= Miriam Elia =

British artist and broadcaster

Miriam Elia is a British artist and broadcaster.

She wrote and starred in the comedy sketch show A Series of Psychotic Episodes. The pilot was first broadcast on BBC Radio 7 on 7 March 2007, as one of 10 entries for BBC Radio 7's "Witty and Twisted" competition. It won the competition and was awarded by having a full series, first broadcast on 2 November 2008. It later moved to BBC Radio 4.

With her brother Ezra Elia, she also wrote We go to the gallery, a satire on modern art in the form of a Ladybird Book. Among the works satirised were Imponderabilia by Marina Abramović and Balloon Dog by Jeff Koons. The book drew threat of legal action from Penguin Group for breach of copyright, and some changes were made to the names of characters and logos so it could be published as a parody. Penguin later released their own series of adult oriented Ladybirds books.

Elia has also written and illustrated an animation and book The Diary of Edward the Hamster 1990–1990 with her brother Ezra Elia.
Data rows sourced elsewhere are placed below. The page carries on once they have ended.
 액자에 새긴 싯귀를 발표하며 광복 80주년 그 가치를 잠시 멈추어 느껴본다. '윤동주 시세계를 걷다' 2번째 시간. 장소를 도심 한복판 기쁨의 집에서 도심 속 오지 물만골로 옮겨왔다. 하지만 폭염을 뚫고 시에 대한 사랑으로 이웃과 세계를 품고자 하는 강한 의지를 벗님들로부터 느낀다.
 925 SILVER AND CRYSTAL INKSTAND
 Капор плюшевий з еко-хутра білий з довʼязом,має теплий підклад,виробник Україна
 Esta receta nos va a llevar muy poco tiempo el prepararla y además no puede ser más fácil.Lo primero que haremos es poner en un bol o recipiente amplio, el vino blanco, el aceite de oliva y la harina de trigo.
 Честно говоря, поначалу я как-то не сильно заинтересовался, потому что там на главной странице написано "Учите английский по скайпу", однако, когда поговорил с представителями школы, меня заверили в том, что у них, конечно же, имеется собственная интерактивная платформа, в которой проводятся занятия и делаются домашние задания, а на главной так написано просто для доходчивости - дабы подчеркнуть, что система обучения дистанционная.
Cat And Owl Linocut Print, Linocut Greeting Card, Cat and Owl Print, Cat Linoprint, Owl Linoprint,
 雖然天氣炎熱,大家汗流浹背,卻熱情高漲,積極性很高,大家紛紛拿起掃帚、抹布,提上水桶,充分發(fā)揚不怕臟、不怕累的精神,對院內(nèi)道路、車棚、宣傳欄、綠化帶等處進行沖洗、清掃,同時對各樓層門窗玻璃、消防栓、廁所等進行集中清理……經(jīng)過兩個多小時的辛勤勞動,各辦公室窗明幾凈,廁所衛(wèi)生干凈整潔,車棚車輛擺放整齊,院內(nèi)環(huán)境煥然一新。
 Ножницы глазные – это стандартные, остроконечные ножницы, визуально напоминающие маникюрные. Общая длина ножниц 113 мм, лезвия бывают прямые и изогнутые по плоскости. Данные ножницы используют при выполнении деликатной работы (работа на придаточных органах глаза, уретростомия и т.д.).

This was based on a character in A Series of Psychotic Episodes.

Elia is a supporter of Brexit. In 2018 she took part in a discussion on the BBC News channel about the potential effects that Britain leaving the EU might have on its creative industries. During the discussion she spoke of her involvement with the group 'Artists for Brexit' and confirmed that she had voted to leave the EU in the 2016 EU Referendum. Throughout the live segment, she suggested several ways that U.K. creative industries might stand to benefit outside of the European Union.